Lava
- Product type: Soap
- Owner: WD-40 Company
- Country: St. Louis, Missouri, United States
- Introduced: 1893; 133 years ago
- Previous owners: Waltke Company (1893–1927); Procter & Gamble (1927–1995); Block Drug (1995–1999);
- Website: www.lavasoap.com

= Lava (soap) =

Brand of heavy duty hand cleaner

Lava is a heavy-duty hand cleaner in soap bar form manufactured by the WD-40 Company. Unlike typical soap bars, Lava contains ground volcanic pumice, which gave the soap its name. The company website states that the hand cleaner removes grease, grime, paint, ink, and glue.

Lava's long-time slogan was "Cleans the dirt, protects the skin."

== History ==
Lava soap was developed in 1893 by the William Waltke Company of St. Louis.

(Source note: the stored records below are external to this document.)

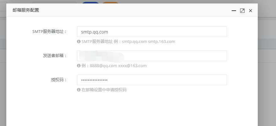 如:SMTP服务器选择QQ邮箱,发送者邮箱请填写:xxxx@qq.com
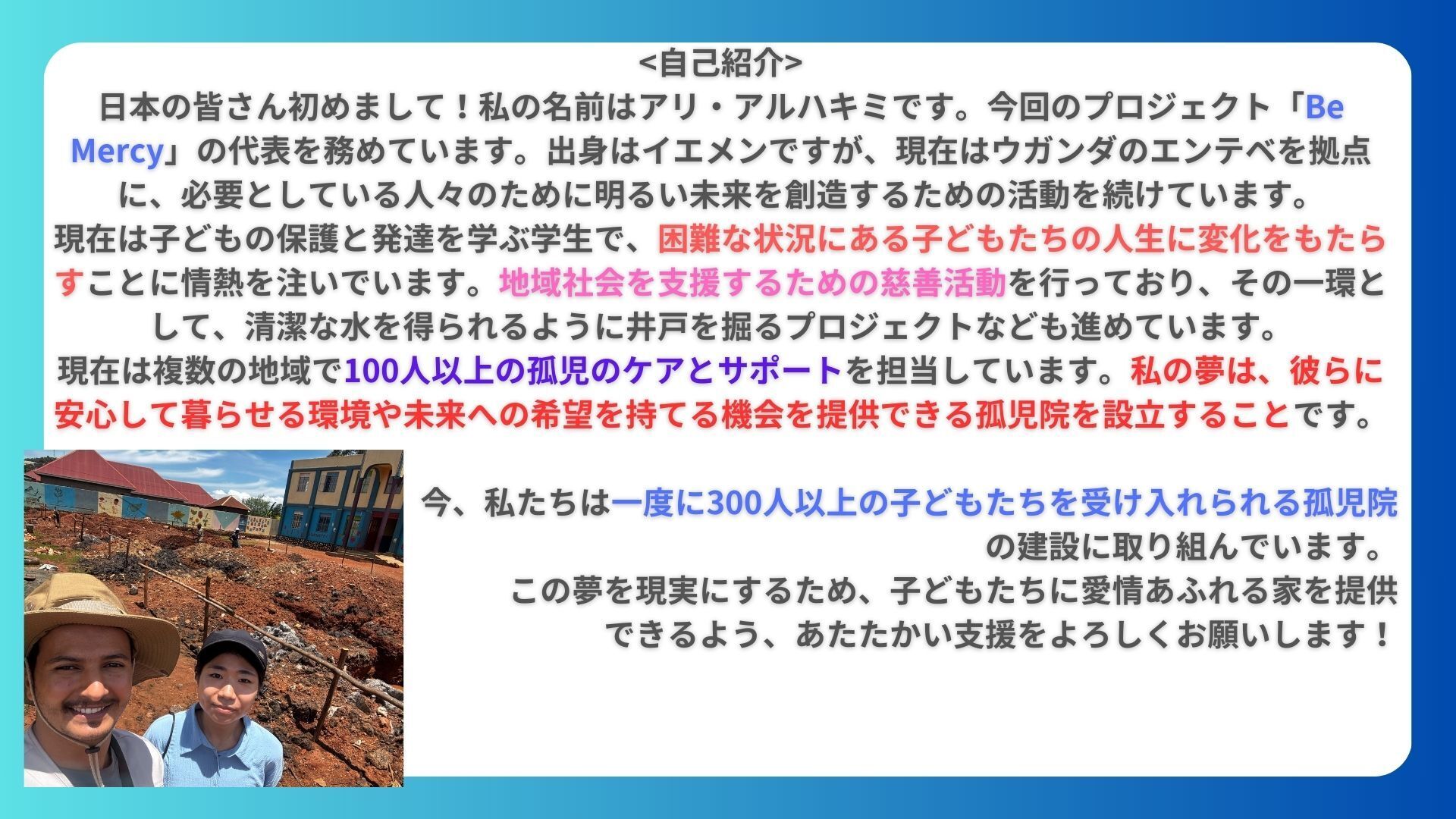 2025/07/01 21:37こんにちは、Be mercifulの青山です。この度は数あるプロジェクトの中、ウガンダの孤児たちの生活を守るためのプロジェクトにご支援いただき誠にありがとうございます。お陰様で217,000円の資金を皆様より募ることができました。目標金額まではまだまだ遠く、クラウドファンディングの難しさを代表アリと共々に痛感しているところでございますが、一方で、活動に賛同し、応援していただいた日本人の皆様がこれだけいること、大変心強く思っております。孤児院完成まではまだ時間がかかりますが、まずはこの資金で次のステップに進めていきたいと思います。現地の建設現場の状況はまた後日ご報告申し上げます。それでは引き続きよろしくお願いいたします。アリ・青山 もっと見る
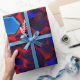 Papel De Presente Hexágono azul misturado com curvas vermelhas sobre
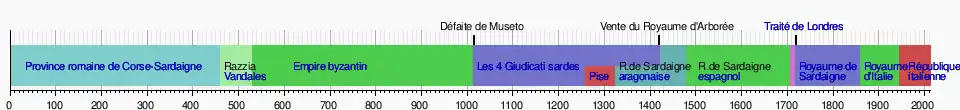Le «Regnum Sardiniæ et Corsicæ» ainsi créé le demeurera sous la domination des couronnes d'Aragon puis d'Espagne jusqu'au début de 1700[28].
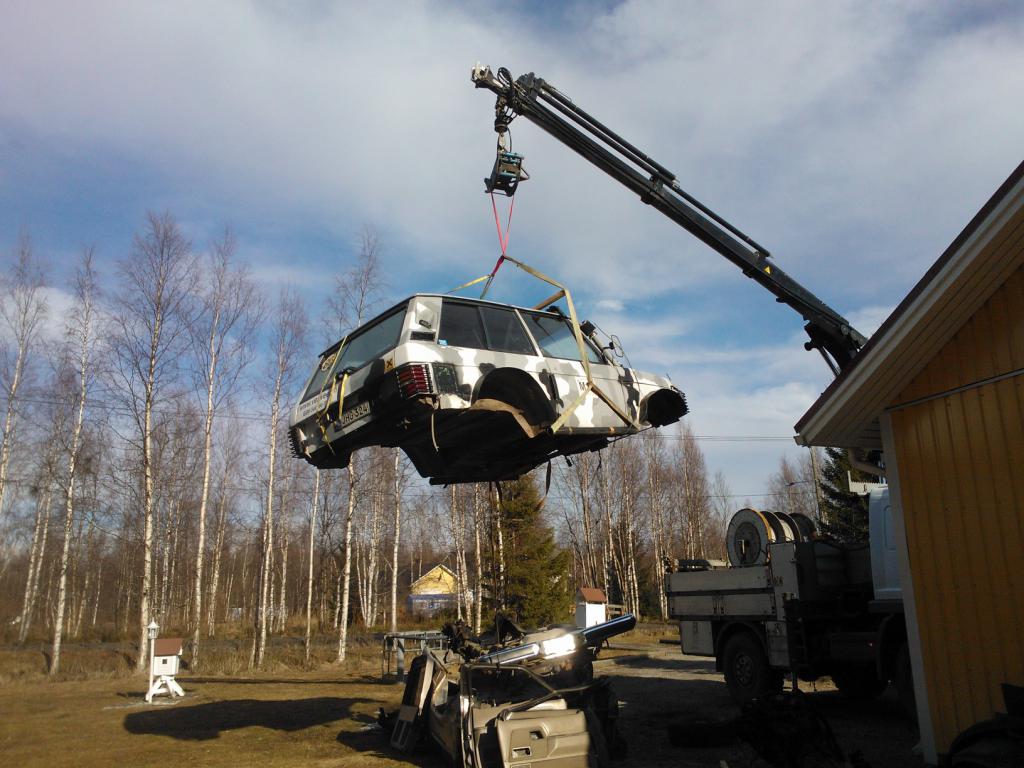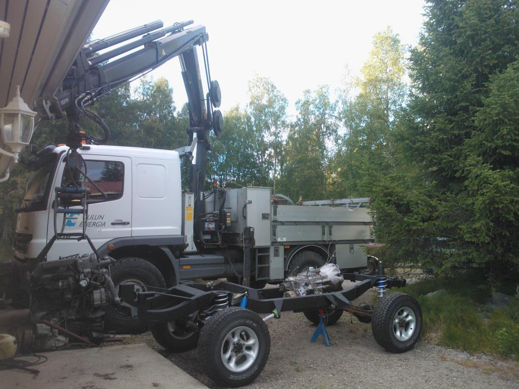 Akseleita tuossa mallailin uusilla puslilla ja taitaa olla pikkasen liian löysät tähän alustaan, ainakin osa niistä. Tyhjillä akseliputkilla vähän vääntelin... Ja takana ois vääntyny vielä lisääki mutta ku tuo lattia on niin lähellä. Etunen ei hirmusti väänny tyhjänä mutta roikkuu lattiassa jota se ei kyllä tehny vanhoilla puslilla Ja koriki pääsi nyt lähemmäs työmaata, piitää käyttää kaikki posket auki ja kattoa mitäs se on reilun vuoden seisonnassa syöny. Äkki vilkasulla näyttäs ettei mitään isompaa oo tulossa mutta koskaan ei tiiä. Ja nosto oli vähintäänkin virallinen Tuo romukasa tuossa on kakkos rojektin(broncon) toinen varaosa-auto oottamassa viimestä kyytiä pois.
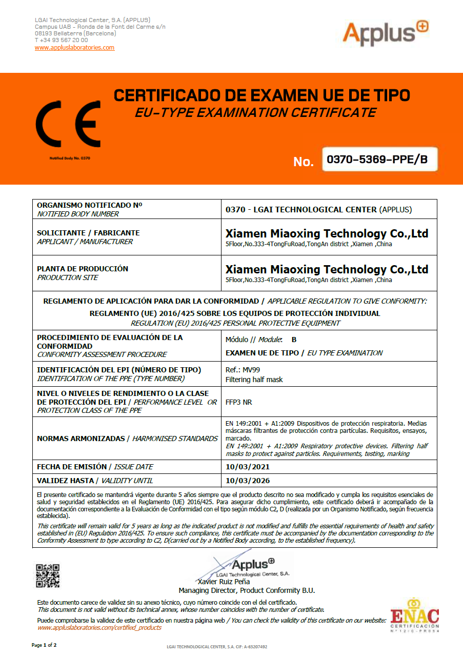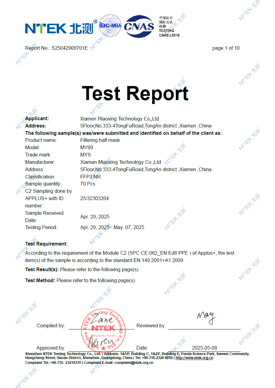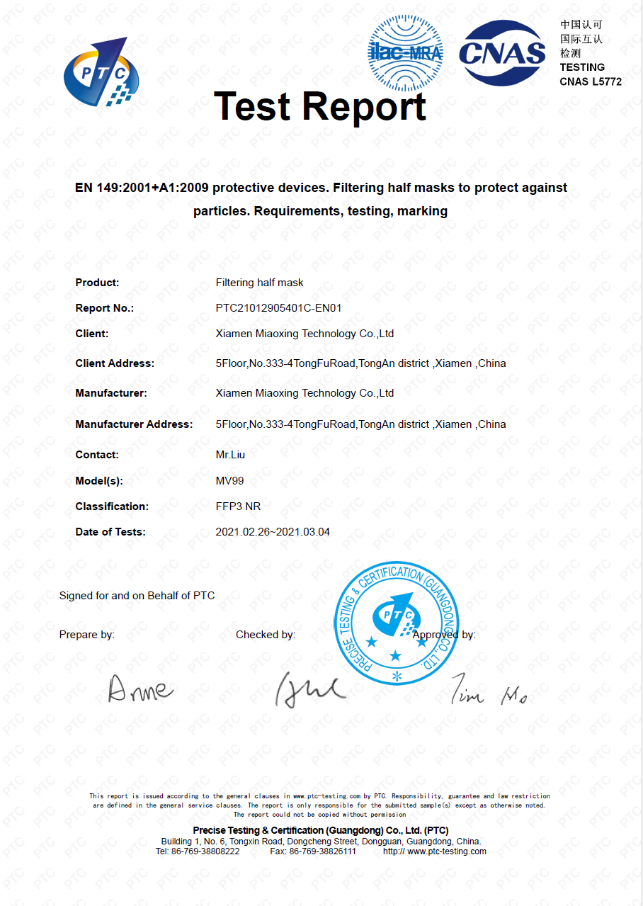 LABORATORNÍ ZKOUŠKA POTVRZUJÍCÍ SHODU S EVROPSKOU NORMOU EN 149:2001+A1:2009
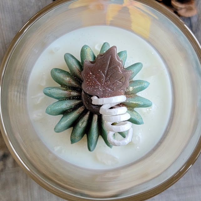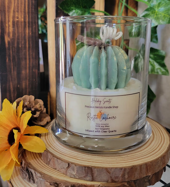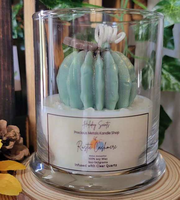 Rustic Cashmere is rustic yet elegant kandle. The beautiful blue/ green pumpkin-harvest, abundance and blessings. A creamy white base with clear quartz- a clean and fresh energy with clarity for a clear mind. The fragrance of this beautiful kandle is very calming. You will pick up notes Tonka Bean, Mandarin and Vanilla. Subtle hints of Tabacco, Nutmeg and Cedar. All these together gives a familiar scent of light perfume.
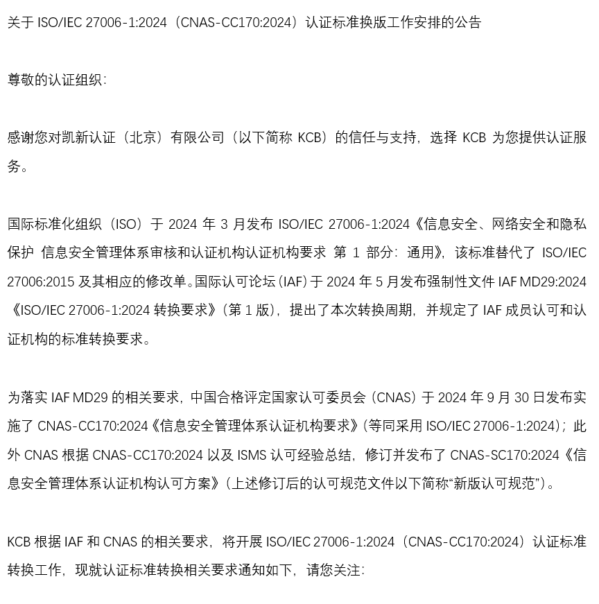 實施公告關于新版《質量管理體系認證規則》 實施的公告
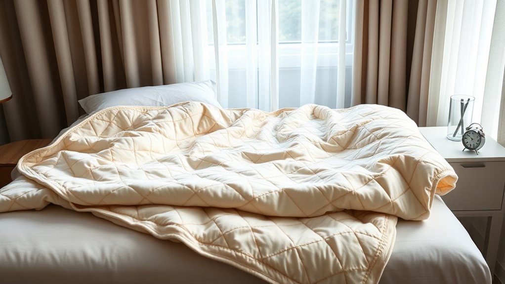 Choosing the right weight for a weighted blanket is essential for comfort and effectiveness. Generally, the ideal weight is 7-12% of your body weight, ensuring even pressure distribution that promotes relaxation and better sleep. If the blanket is too heavy, it can cause discomfort or restrict movement, while a lighter one might not provide enough calming pressure. For beginners, starting with a lighter option within the recommended range helps your body adjust comfortably. For children or sensitive individuals, a lighter weight—closer to 5-7%—is preferable for safety and comfort. Proper weight selection guarantees the blanket applies gentle, consistent pressure without overwhelming you, making it a vital step toward maximizing the calming benefits and improving sleep quality.

In 1927, Procter & Gamble acquired the Lava and Oxydol brands from William Waltke Company. P&G sold the Lava brand to Block Drug in 1995. That year Lava soap had annual retail sales of $6 million, while P&G's soap brands Zest and Ivory each had annual sales of $100 million. Block stated they were a niche marketer, and Lava would fit into the sector of cleaning products

The WD-40 Company acquired the brand from Block Drug in April 1999.